Etong è su Instagram dallo scorso gennaio e conta vari profili, tra cui un altro che si affida al chinglish, un altro ancora (@stephaniesu_etong) che vanta 213 mila follower e quello che sembra il principale, @etongcapsulehouse, che offre ai suoi 177 mila follower brevi sketch partecipati da due persone, un uomo e una donna. I contenuti offrono suggerimenti su come personalizzare le unità abitative, che vanno dai 20 ai 45 mq, e convertirle secondo i proprio bisogni, ma assicurano anche la possibilità di abbattere i costi di spedizione: se nei video di un paio di mesi fa si evidenzia che l’unità modulare può essere inserita nel container per intero, i contenuti più recenti spiegano come sia possibile smontarla per ridurre i costi, alla luce delle clima teso nei mercati occidentali e delle misure restrittive di Usa e Ue contro l’export delle aziende cinesi.
La promozione di case modulari cinesi nei mercati occidentali non è un fatto nuovo.
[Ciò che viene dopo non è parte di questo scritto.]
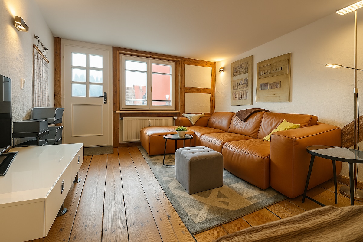 Our Coziest Hideaway: A true snuggle nest – perfect for solo travelers or couples who love being close! Fully equipped with everything you need for a comfortable stay. Ideally located in the heart of the city, and yes – it comes with a balcony! Bicycles are stored safely and dry in a locked, covered courtyard. The BODENSEE-CARD is included with the tourist tax, giving you unlimited access to all public transportation. Living space: 19 sqm (+ balcony)

Circa un paio di anni fa si è iniziato a parlare di case prefabbricate disponibili sul sito di e-commerce Aliexpress anche a meno di 20 mila euro. Alloggi di questo genere sembrano poter offrire soluzioni a un duplice problema: crisi abitativa e crescente carenza di manodopera nel settore edile. Non a caso le autorità di Hong Kong, una delle città più costose al mondo e dove secondo le stime nel 2027 l’industria delle costruzioni soffrirà la mancanza di circa 40 mila lavoratori, intendono offrire maggiori incentivi al settore privato per incoraggiare lo sviluppo del metodo della “costruzione modulare integrata”, una tecnica introdotta solo nel 2018 che utilizza moduli pre-fabbricati per palazzi di grandi dimensioni.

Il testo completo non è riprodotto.